In explaining his reference to plaintiffs “low quality” of work, Mr. Galloway in his deposition said that he was referring to “escapements” or errors. But Galloway had previously commended plaintiff for the low number of errors and in his deposition admitted that not all of the errors that had occurred were plaintiffs fault. The district court appears to have taken this evidence in the light most favorable to the defendants instead of in favor of the plaintiff, saying that a few errors does not mean no errors and doing so in the absence of any evidence that the other employees in the unit were not responsible for any errors.
Galloway cited plaintiffs purported “marginal teaming abilities,” but admitted that this was a completely subjective evaluation. This court has often said that use of subjective criteria, while not alone sufficient to show discrimination, is evidence that a jury may use to find pretext. See, e.g., Garrett v. Hewlett-Packard Co., 305 F.3d 1210, 1218 (10th Cir.2002) (collecting cases).
The disparate treatment of the three workers in plaintiffs group who had substantially similar previous evaluations is further evidence of pretext. Despite the fact that Galloway had previously given the three substantially similar ratings, in his recommendation to Spirit, Galloway rated the youngest of the three much higher than he had before, and of these three Galloway recommended only the youngest for retention by Spirit.
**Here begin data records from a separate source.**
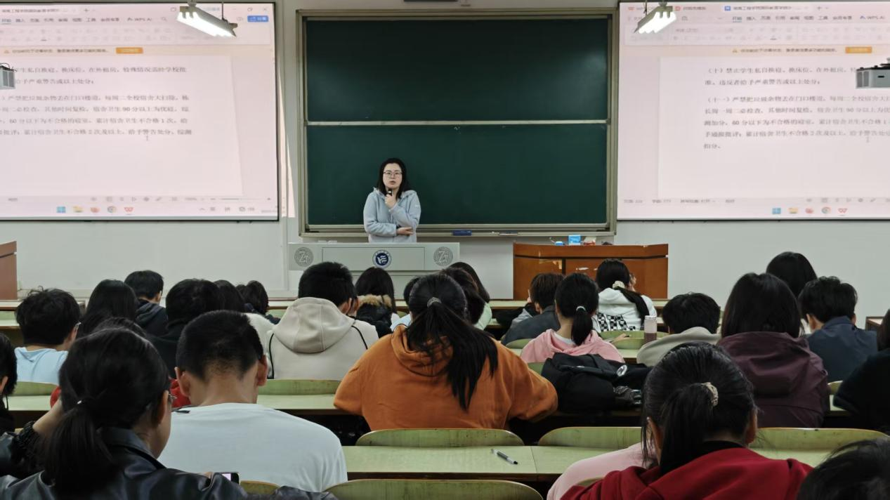 王慧和周宁莎围绕“纪律护航成长,规范助力成才”主题,结合365英国上市集团的办学特点,对学院的各项规章制度进行了全面讲解。她们用“身边事”为同学们敲响警钟。“有同学因违规使用大功率电器宿舍引起火灾,这些教训要记牢。”从课堂出勤、学术诚信、宿舍安全到国际交流中的外事纪律,王慧用通俗的语言把规章制度讲清楚、说明白,还现场解答了“请假流程怎么走”“奖助学金怎么评”等问题,让新生们心里有了底。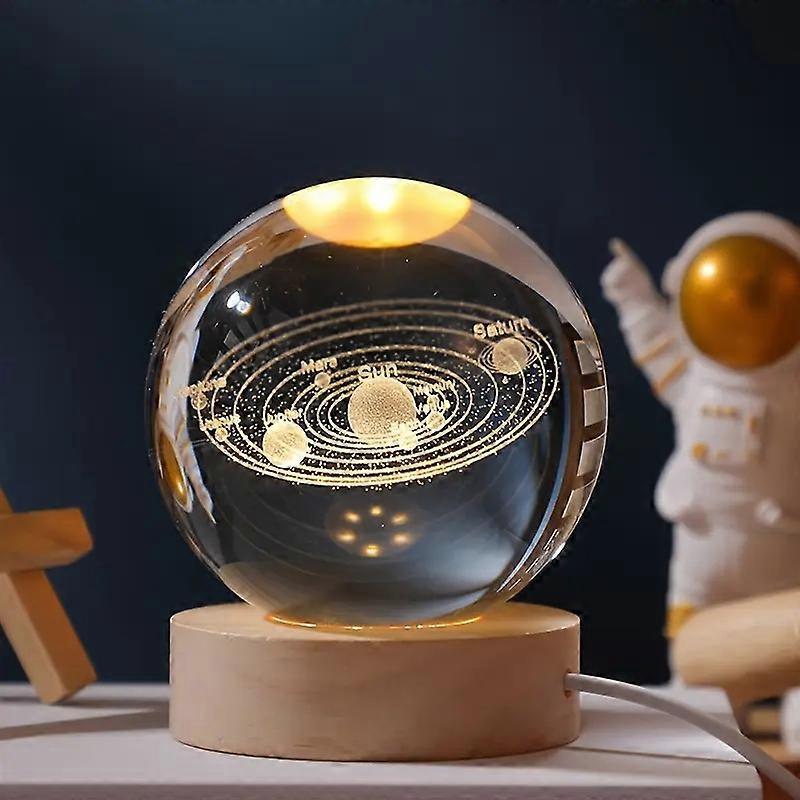 6/8cm 3D Crystal Ball Planet Night Light Laser Engraved Solar System Globe Astronomy Festival Gifts Home Desktop Decoration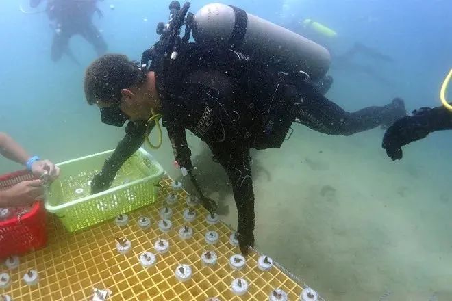 为促进梅沙海域生态的加快修复,2016年,在多轮实地调研以及与科研机构的探讨后,盐田区海洋生态环保服务中心正式启动了大梅沙珊瑚种植和保育项目。杨旭聪和他的团队开始采用人工干预的方式加快珊瑚礁的修复。这是一种具有较高难度的方法,他们需要从珊瑚上选出分枝剪下放进“育儿所”中,在合适的人工环境里珊瑚枝会像树木一样发芽,变身为珊瑚苗。然后,他们会潜水将这些幼苗粘连在海底的珊瑚礁上使之融为一体。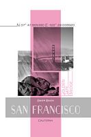Klassiek stadsgezicht vanuit San Francisco in een modern design. Coördinaten en andere informatie gaan samen met de Baker Beach en Golden Gate Bridge om een minimalistische totaalindruk te creëren.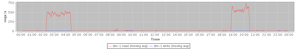 avg(dm-1 read) = 3004.71 avg(dm-1 write) = 66.69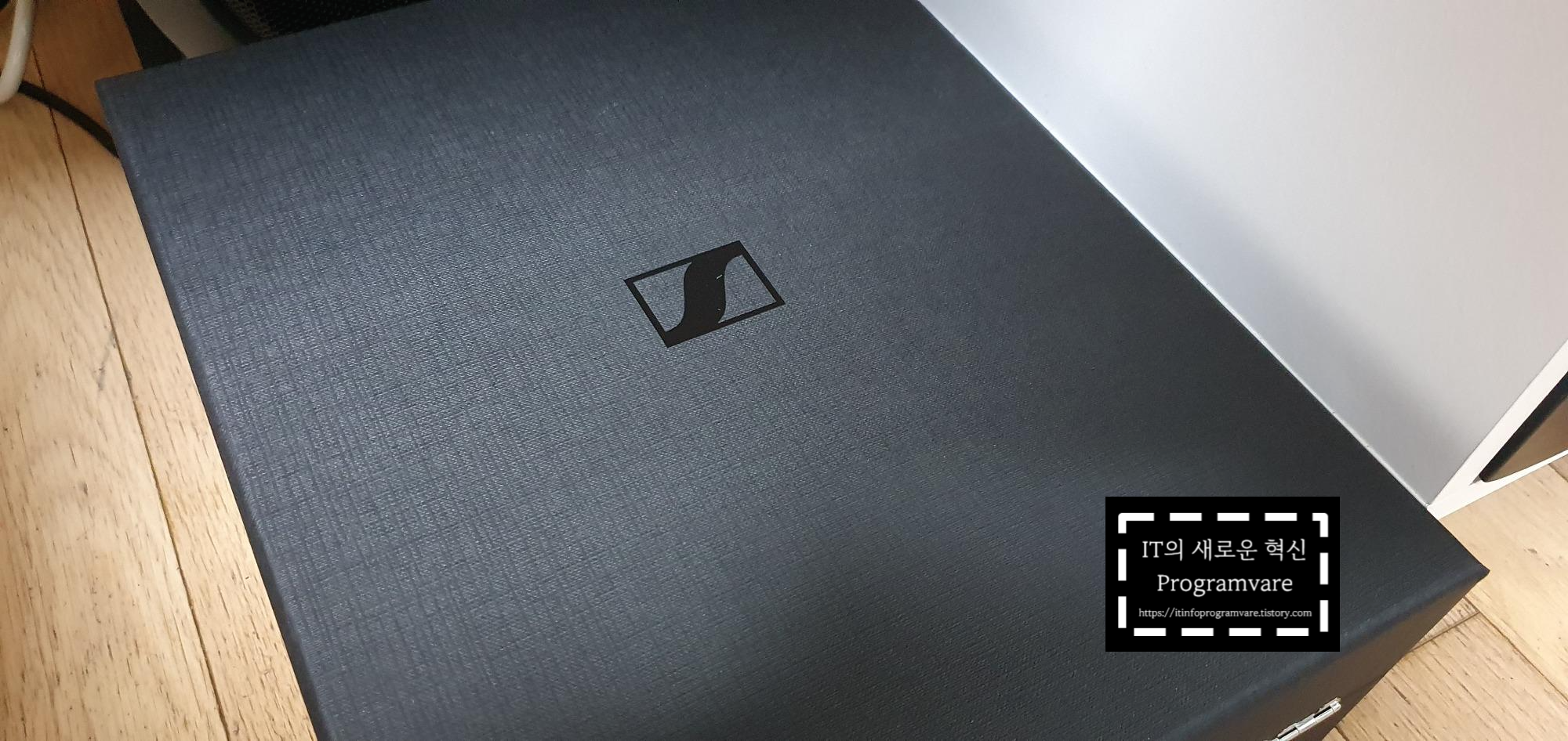 제품의 겉 패키징을 분리해 보면 젠하이저 로고가 박힌 아래와 같은 묵직하면서도 단단한 종이 재질의 박스가 나옵니다.
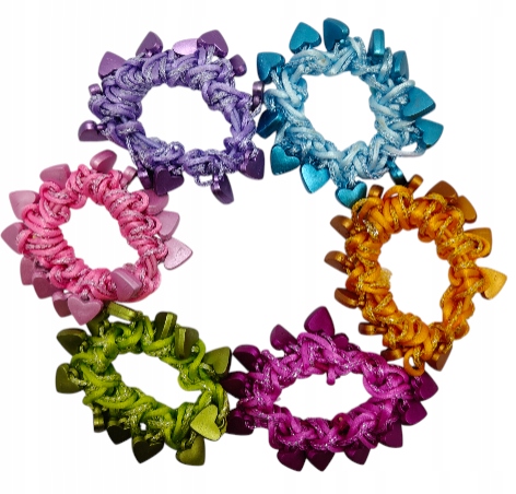 - Набір складається з 6 плетених гумки в шести кольорах: синій, світло -рожевий, темно -рожевий, фіолетовий, зелений та помаранчевий. Кожна гумка має декоративне застосування у вигляді сердець.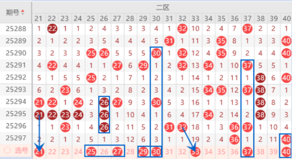 该区间的21 22 24号数字本期我们注意一下出一个号码的情况,其中的21 22号数字可以重点关注一下出号情况。本期的25 26 27号数字是属于重号26号数字的边号回补号码,本期是有机会出一个号码的,我们重点关注一下25 27号数字的出号情况。本期的30号数字我们防守一下出号情况,本期可以防守一下29 30号数字同出的情况。本期的37号数字是属于121走势,出号机会也是有的,我们可以防守一下出号情况。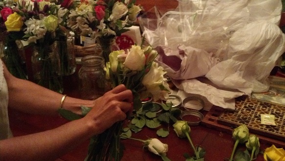 - пет големи, широки листа, с които да се огради букетът (по желание)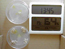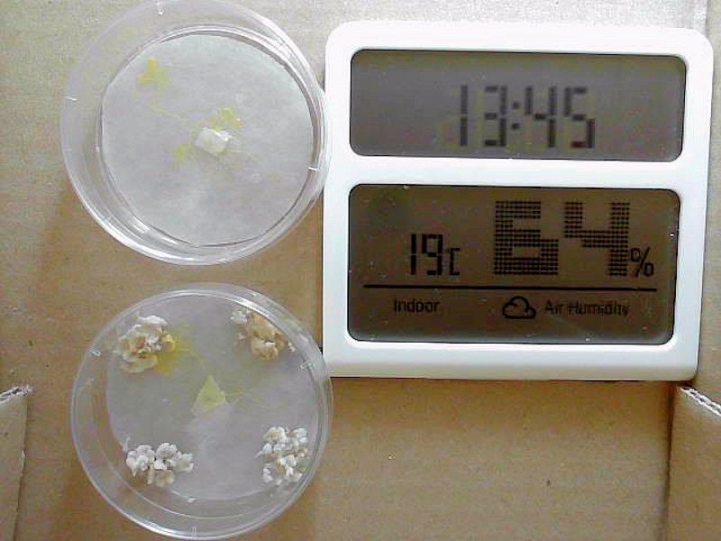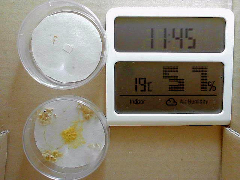 Le blob exploration (boite du haut) a été le premier à se réveiller au bout de 10 heures, puis il a patiemment fouillé toute sa boite pendant 5 jours à la recherche de nourriture. Le dernier jour, il s'est transformé en sclérote (état de dormance) à cause de son environnement défavorable : absence de nourriture et d'humidité (la boite ayant progressivement desséchée).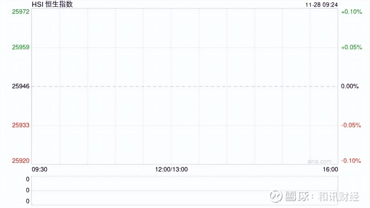 11月28日消息,港股三大指数涨跌不一。截至午间收盘,恒生指数跌0.24%,报25884.42点,恒生科技指数涨0.11%,国企指数跌0.22%。盘面上,科网股跌多涨少,小米跌超0.5%,京东涨近1%;黄金股普涨,珠峰黄金涨超5%;创新药概念高开低走,药明康德跌超3%;海伟股份上市首日跌超15%。

Although the youngest worker had received slightly better ratings than plaintiff in two categories in the prior evaluation, his ratings in quality and productivity, skills, knowledge and teamwork were identical to those given plaintiff Woods. More importantly, Galloway admitted that the slightly higher marks in the prior evaluation of the youngest worker were not significant.
Similarly, the fact that every one of the employees that Galloway recommended against hiring were 48 or older is further evidence of disparate treatment of older workers. Three-fourths of those not retained were over 50. This court has held such evidence relevant and admissible. See Greene, 98 F.3d at 560-61.
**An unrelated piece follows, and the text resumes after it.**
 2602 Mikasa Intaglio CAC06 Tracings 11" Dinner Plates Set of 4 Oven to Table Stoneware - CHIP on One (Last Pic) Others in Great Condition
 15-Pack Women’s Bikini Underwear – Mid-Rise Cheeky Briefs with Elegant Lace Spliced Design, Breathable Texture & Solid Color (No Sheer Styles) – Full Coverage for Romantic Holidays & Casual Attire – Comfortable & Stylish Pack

The district court erred in rejecting this pretext evidence. Indeed, the disparity between Galloway’s earlier evaluation of plaintiff and the justifications later given by Galloway are alone sufficient to require a jury determination on pretext. Thus, in Greene, we held that it was sufficient for the employee to show that he had never been told about his alleged deficiencies and had been praised for his performance. 98 *211F.3d at 563-64. Of course, we express no opinion on the proper resolution of this fact question. A jury may find Mr. Galloway very sincere and his explanations cogent and persuasive. But it is a determination that only a jury may make.
In sum, we are persuaded that the summary judgment must be reversed and the case must be remanded for further proceedings consistent with this opinion.
IT IS SO ORDERED.
This order and judgment is not binding precedent, except under the doctrines of law of the case, res judicata, and collateral estoppel. It may be cited, however, for its persuasive value consistent with Fed. R.App. P. 32.1 and 10th Cir. R. 32.1.
. A jury is permitted to draw an inference of illegal bias from a finding that the employer's justification is mere pretext. Reeves v. Scinderson Plumbing Products, Inc., 530 U.S. 133, 120 S.Ct. 2097, 147 L.Ed.2d 105 (2000).